_Description of the task_: Here is the task for the listing below: output exactly the lines from the one containing "ескалација насиља), зависиће" through the one containing "Gambar 7. Desain Alat dan GPS", and leave out the pictures.

_Information given_:
··········
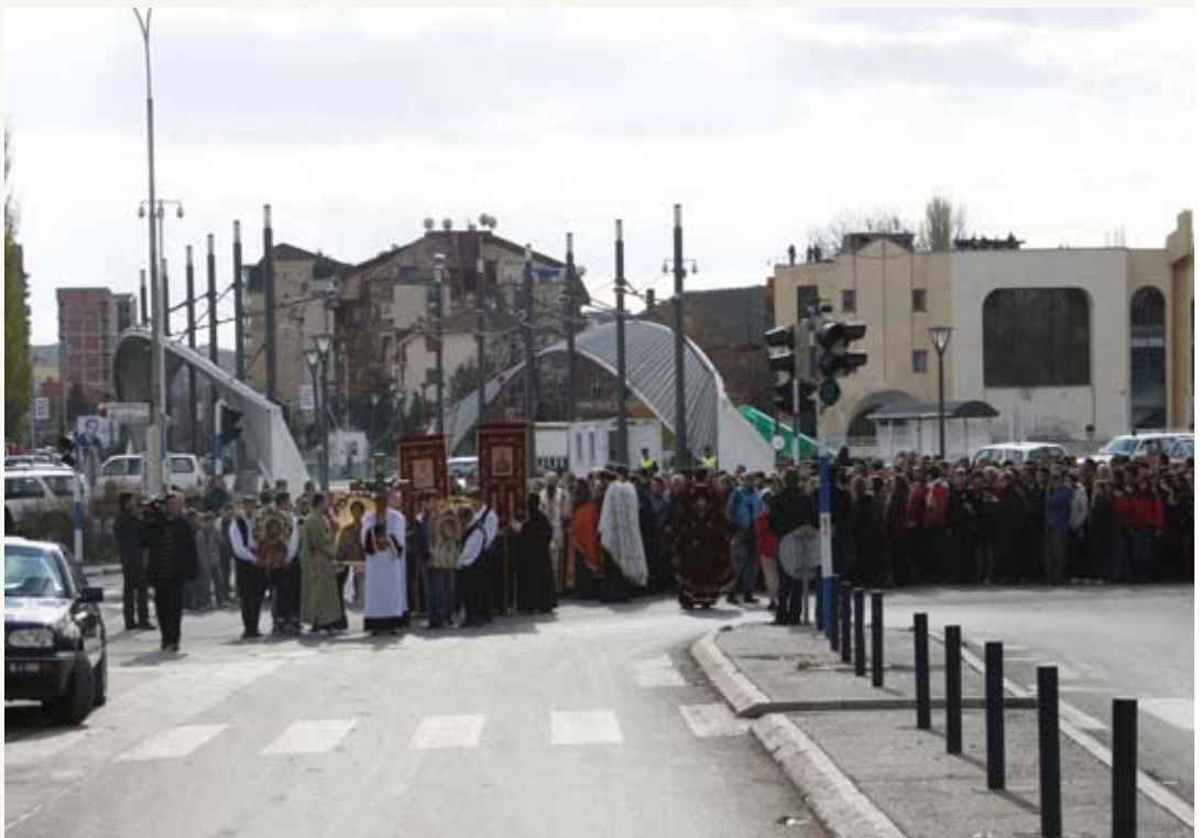
Косово и Метохија је српско, а не само Митровица - Литија на Митровдан

ескалација насиља), зависиће од става међународне заједнице (САД и ЕУ), као што је зависило и све оно што се догађало у протеклих осам година. Једноставно, косовски Албанци за све че-
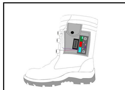
Gambar 7. Desain Alat dan GPS

Meliputi perancangan GPS sebagai pendeteksi titik koordinat posisi tempat yang telah dihubungkan pada pengontrol program yaitu arduino. GPS dipasang terpisah dengan letak arduino yaitu di dalam kotak namun tetap terhubung dengan arduino. Buzzer dipasang dekat dengan arduino sebagai media output. LCD dipasang terpisah dengan letak arduino juga yang berfungsi sebagai media output untuk melihat posisi tempat. SD card dipasang dekat dengan arduino untuk menyimpan data voice . Speaker dipasang dekat dengan GPS sebagai media output. Baterai dipasang dekat dengan arduino sebagai sumber tegangan arduino.
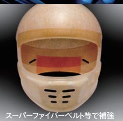
スーパーファイバーベルト等で補強
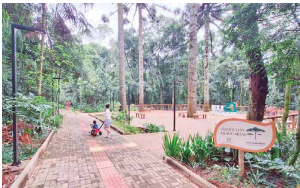
O Parque Longines Malinowski possui cerca de 24 hectares de Mata Atlântica preservada e é classificado como Unidade de Conservação de Proteção Integral
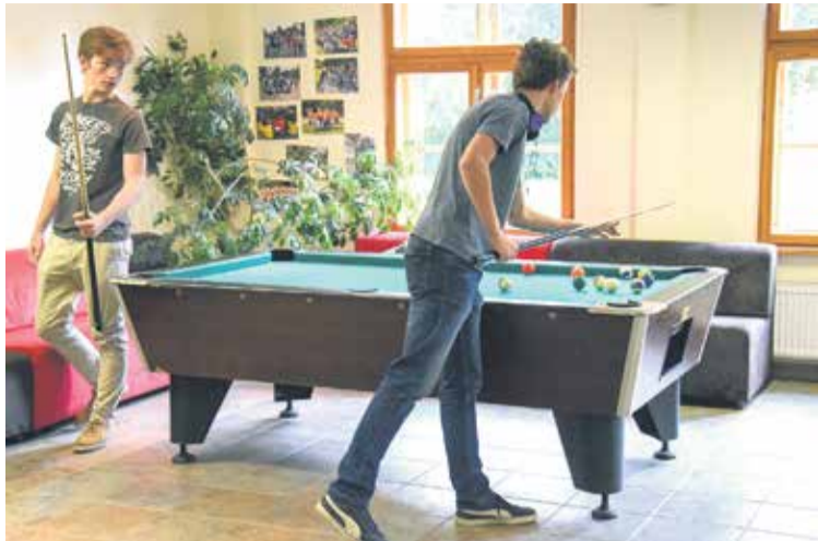
Kuldīgas, Skrundas un Alsungas jaunieši mājā var saturīgi pavadīt brīvo laiku, piemēram, spēlējot biljardu.

Jauniešu māja iekārtota telpās, kur līdz šim darbojās Kuldīgas Sv. Katrīnas draudzes Diakonijas centrs, bet, sabiedrībai attīstoties, telpas draudzei vairs nav bijušas
··········
_Answer to the problem_:
ескалација насиља), зависиће од става међународне заједнице (САД и ЕУ), као што је зависило и све оно што се догађало у протеклих осам година. Једноставно, косовски Албанци за све че-
Gambar 7. Desain Alat dan GPS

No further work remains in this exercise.